Is it a flower? A back-scratcher for use in some gargantuan shower? The severed limb of a creature with a fetish for chain-link jewellry? (I think that’s it for my free-association work.)

Is it a flower? A back-scratcher for use in some gargantuan shower? The severed limb of a creature with a fetish for chain-link jewellry? (I think that’s it for my free-association work.)

I cnanot think of anything deep to say about this one, except that it represents a day spent at home not doing much. This is a variable time of year; in mid-April in some other years I have been in Ljubljana, Melbourne and Windhoek, but this year all the spring travelling is already done.

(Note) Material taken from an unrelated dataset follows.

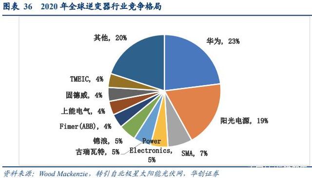 下游逆變器行業(yè)集中度高,國內(nèi)廠家居前。全球光伏產(chǎn)業(yè)鏈各個(gè)環(huán)節(jié)的主要生產(chǎn)地均在中國。國內(nèi)逆變器廠家憑借成本、完善的產(chǎn)業(yè)鏈布局、快速發(fā)展的市場等優(yōu)勢全球市場份額不斷提升,其中華為、陽光電源自 2015 年起穩(wěn)居市場前二,國內(nèi)其他廠家如錦浪科技、固德威也迎來快速發(fā)展。根據(jù) Wood Mackenzie 數(shù)據(jù) 2020 行業(yè) CR10 近 80%,前兩名玩家華為、陽光電源分別占據(jù) 23%、19%份額,CR2 42%,加上其他國內(nèi)廠家前十名里國內(nèi)廠家份額高達(dá) 60%。

So I’m trying to work this one out. Did someone simply not bother to overpaint, or remove, the entire sign? Or was the original commission a misunderstanding, and Kirklees County Council fully intended to warn drivers and others that around the corner they might encounter one or more specimens of Equus zebra? Inquiring minds want to know.

A trip out to the suburbs today: definitely not the former Communist blocks, more like leafy Hampstead or Carshalton (if this were London). Streets named after composers, big gardens and garages, that kind of thing. One thing I like about Berlin is that it’s all quite laid back: it certainly doesn’t have the over-energised manicness of some capital cities. Perhaps this shot captures that.

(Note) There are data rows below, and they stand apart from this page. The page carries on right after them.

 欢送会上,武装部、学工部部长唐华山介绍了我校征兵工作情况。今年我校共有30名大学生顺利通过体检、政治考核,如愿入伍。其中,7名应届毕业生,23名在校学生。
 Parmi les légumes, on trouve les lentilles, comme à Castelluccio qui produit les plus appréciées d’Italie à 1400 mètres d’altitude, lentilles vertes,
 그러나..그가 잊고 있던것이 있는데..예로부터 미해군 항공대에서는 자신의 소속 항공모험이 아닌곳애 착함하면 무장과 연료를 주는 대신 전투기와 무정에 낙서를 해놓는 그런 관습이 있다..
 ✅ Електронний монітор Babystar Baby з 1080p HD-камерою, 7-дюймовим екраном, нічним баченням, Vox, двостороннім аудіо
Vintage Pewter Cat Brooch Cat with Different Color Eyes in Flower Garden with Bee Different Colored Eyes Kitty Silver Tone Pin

Berlin is where we’ve come for a few days. This part of it has been much changed in the last 36 years, for up until 1989, the Berlin Wall ran right through here: there is a marker on the road near this point, with the former Checkpoint Charlie (now a magnet for tourists and hustlers alike) just off shot to the right: though this was only a small and relatively insignificant part of the border infrastructure at this point on Friedrichstrasse. Nowadays these displays of photographs and maps are all that remain. The Wall retains such a significant place in the memory of people my age (and I’m not even German) but it only lasted 28 and a bit years (August 1961 – October 1989): Joe will be that age soon enough.

On 23rd March 2026, nothing happened. At least not to me anyway. Down there in town a blue truck parks itself in that gap we perceive in the buildings and offers something to look at. And so I get through another day.

I know my sister Vicki follows this blog, so let me say that it was, as always, nice to see them in Hebden Bridge tonight. This is a picture of her and Pete (the tattoos are the giveaway) and not one of a Thai corn ball, even though that does form the foreground.

For the second time in a week Bradford proves a decent choice for an evening out, even if it was a little wet, and the city can continue to ascend the rankings of Most Depicted Places on the blog, a list on which it now rises to 9th (see the stats). It is one of those northern towns which celebrated its Victorian wealth, here based on wool, by building a magnificent municipal headquarters of the kind no local authority or government would dare to risk now, for fear of being slagged off for misuse of public funds. But why not do it this way? Works for me.